(Data records begins)
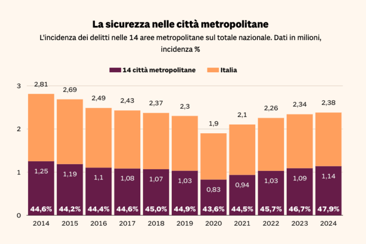 Il 2024 ha visto consolidarsi l’aumento della criminalità in corso post-pandemia, anche se dai dati provvisori dei primi sei mesi del 2025 arriva già un primo segnale di miglioramento (-4,9% rispetto allo stesso periodo dell’anno precedente in base ai trend non consolidati del Viminale). Si ricorda che a giugno di quest’anno il Governo ha ottenuto il via libera definitivo del Parlamento al Decreto sicurezza (Dl 20/2025) che, tra le altre cose, introduce nell’ordinamento 14 nuovi reati, inasprisce alcune aggravanti ed estende il Daspo urbano.
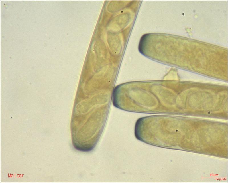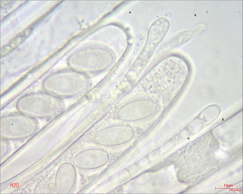 - Paraphyses hyaline, filled with oil droplets, contents in water preparation not yellowing
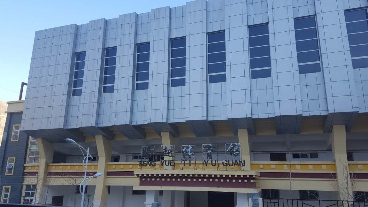 总占地面积7459平方米,室外一个1860平方米的公共活动区域,室内篮球场,全年15万人次在这个体育馆进行健身活动。
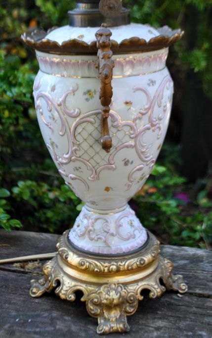 Petroleumslampe i porcelæn og glas, omgjort til el, 19. årh. Tyskland.
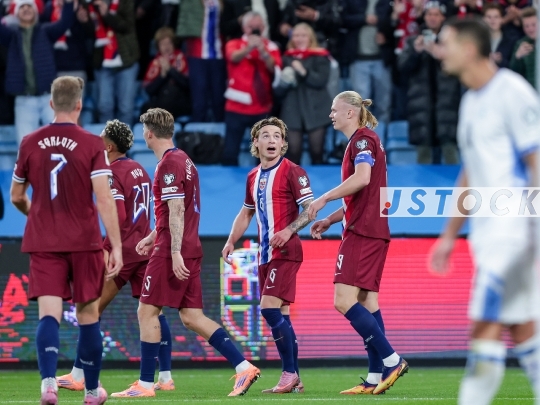 FBL-ISR FIFA World Cup 2026 Qualifiers – Norway (in red) vs. Israel (in white), October 11, 2025, Ullevaal Stadion, Oslo, Norway.
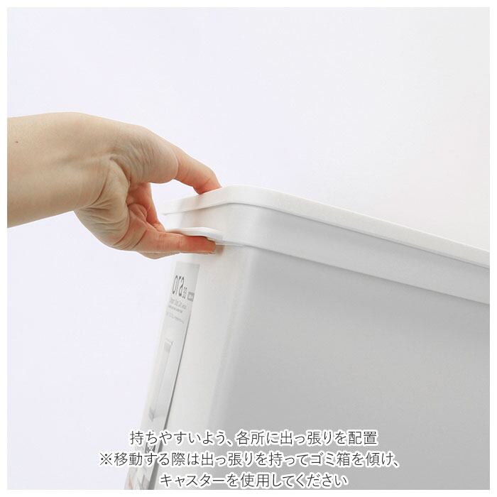 ・持ちやすいよう、各所に出っ張りを配置。(※移動する際は出っ張りを持ってゴミ箱を傾け、キャスターを使用してください。)
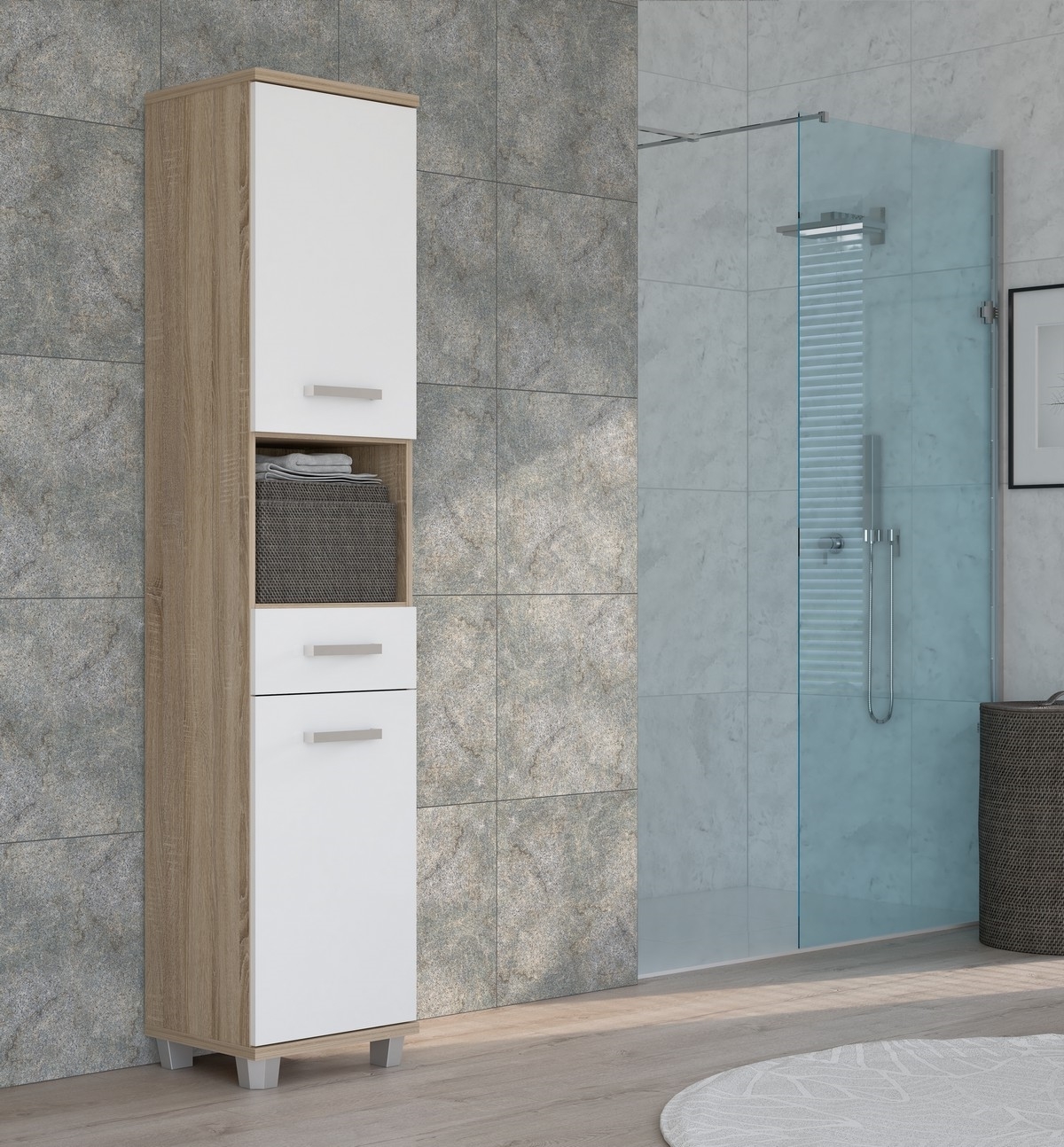 Dulap pentru baie VENOM, alb/stejar Sonoma
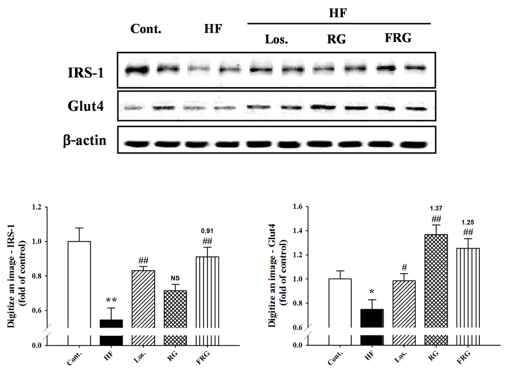 To investigate the signals in insulin signaling, we examined the expression of IRS-1 and Glut4 in muscle tissue. The expression of IRS-1 and Glut4 were significantly decreased in HF diet groups. However, treatment of FRG groups increased expression levels of protein compared with HF diet groups (Figure 8). Similarly, treatment of losartan groups showed similar results to FRG groups.
(Data records ends)
Task requirements
Nothing but the lines from the line containing "- Paraphyses hyaline, filled" through the last line of the records above should be written out, exactly and without the pictures.

Solution for this problem
 - Paraphyses hyaline, filled with oil droplets, contents in water preparation not yellowing
 总占地面积7459平方米,室外一个1860平方米的公共活动区域,室内篮球场,全年15万人次在这个体育馆进行健身活动。
 Petroleumslampe i porcelæn og glas, omgjort til el, 19. årh. Tyskland.
 FBL-ISR FIFA World Cup 2026 Qualifiers – Norway (in red) vs. Israel (in white), October 11, 2025, Ullevaal Stadion, Oslo, Norway.
 ・持ちやすいよう、各所に出っ張りを配置。(※移動する際は出っ張りを持ってゴミ箱を傾け、キャスターを使用してください。)
 Dulap pentru baie VENOM, alb/stejar Sonoma
 To investigate the signals in insulin signaling, we examined the expression of IRS-1 and Glut4 in muscle tissue. The expression of IRS-1 and Glut4 were significantly decreased in HF diet groups. However, treatment of FRG groups increased expression levels of protein compared with HF diet groups (Figure 8). Similarly, treatment of losartan groups showed similar results to FRG groups.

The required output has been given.